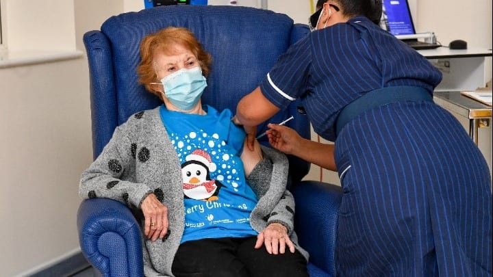 Η Μάργκαρετ Κίναν, μια 90χρονη γιαγιά από τη Βρετανία, έγινε ο πρώτος άνθρωπος στον κόσμο που έκανε το εμβόλιο της Pfizer κατά της Covid-19 εκτός του πλαισίου των δοκιμών, μετά την κλινική έγκρισή του.
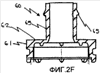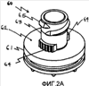 На фиг.2А-2F показана более подробно выливная часть 60. Эта выливная часть 60 включает элемент основания 61, который имеет по существу цилиндрическую форму, и его диаметр приблизительно равен внешнему диаметру горлышка соответствующего контейнера, на котором это укупорочное средство может быть установлено. Элемент основания 61 имеет верхнюю поверхность 62. На этой верхней поверхности 62 находится цилиндр 63, который имеет меньший диаметр и винтовую резьбу 65. Комбинированная часть, состоящая из элемента основания 61 и цилиндра 63 меньшего диаметра, имеет канал, проходящий через эту часть, чтобы содержимое контейнера можно было вылить, когда укупорочное средство открыто. На внешней стенке меньшего цилиндра 63 расположены два ряда храповых зубьев 64.
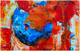 A vivid and colorful abstract painting featuring bold acrylic textures in red, blue, and orange hues.
**********
» **Task description**: Each line above gets copied exactly; leave the pictures out.

» **Task answer**:
 Η Μάργκαρετ Κίναν, μια 90χρονη γιαγιά από τη Βρετανία, έγινε ο πρώτος άνθρωπος στον κόσμο που έκανε το εμβόλιο της Pfizer κατά της Covid-19 εκτός του πλαισίου των δοκιμών, μετά την κλινική έγκρισή του.
 На фиг.2А-2F показана более подробно выливная часть 60. Эта выливная часть 60 включает элемент основания 61, который имеет по существу цилиндрическую форму, и его диаметр приблизительно равен внешнему диаметру горлышка соответствующего контейнера, на котором это укупорочное средство может быть установлено. Элемент основания 61 имеет верхнюю поверхность 62. На этой верхней поверхности 62 находится цилиндр 63, который имеет меньший диаметр и винтовую резьбу 65. Комбинированная часть, состоящая из элемента основания 61 и цилиндра 63 меньшего диаметра, имеет канал, проходящий через эту часть, чтобы содержимое контейнера можно было вылить, когда укупорочное средство открыто. На внешней стенке меньшего цилиндра 63 расположены два ряда храповых зубьев 64.
 A vivid and colorful abstract painting featuring bold acrylic textures in red, blue, and orange hues.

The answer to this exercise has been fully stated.